Having asked the President's senior campaign adviser "Whatever happened to hope and change" early in the program, the Face the Nation host in a subsequent segment laughed out loud after playing a clip of Obama bragging about his accomplishments on 60 Minutes last year (video follows with transcript and commentary):
BOB SCHIEFFER, HOST: I want to play a little something for you. I think one of the lessons that probably all of us recognize is that if you-- I've wrote a book once about Ronald Reagan it came out the month that he was-- that George Bush was inaugurated. The book, I-- I think, everything in the book is accurate, but it is not entirely true, because we didn't know at that time that the Soviet Union was going to fall in. I don't give credit-- Reagan credit, total credit for that but certainly his policies had a part in it. I think you really run a risk when you start trying to judge a presidency--
MICHAEL DUFFY, TIME MAGAZINE: Too soon.
BOB SCHIEFFER: --too soon.
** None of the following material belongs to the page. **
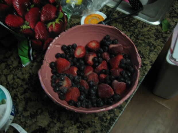 Tomar fruta y colocar en un recipiente para triturar. Después de la fruta ha sido lugar puré en procesador con yogur y hacer un puré.

I want to run this. This is what Barack Obama last December told Steve Kroft of 60 MINUTES. I want to get your reaction to it.
(BEGIN VIDEO CLIP)
PRESIDENT BARACK OBAMA: I would put our legislative and foreign policy accomplishments in our first two years against any President, with the possible exceptions of Johnson, FDR and Lincoln, but, you know, just in terms of what we've got and done in modern history.
(END VIDEO CLIP)
BOB SCHIEFFER: So [laughs] as incumbent Presidents often do they give themselves good reviews. Can anyone say even in the middle of a presidency this is going to be a successful or an unsuccessful presidency?
Yeah, there were plenty of Americans who thought this was pretty funny when it first aired last December.
What wasn't funny was how the clip Schieffer played Sunday wasn't included in the actual 60 Minutes broadcast.
As NewsBusters reported at the time, Obama's boastful remarks were only available at the CBS website.
Maybe it's because a lot of people at CBS besides Schieffer thought they were too hysterical to share with the television public.
Given Schieffer's on-air reaction almost six months later, can you blame them?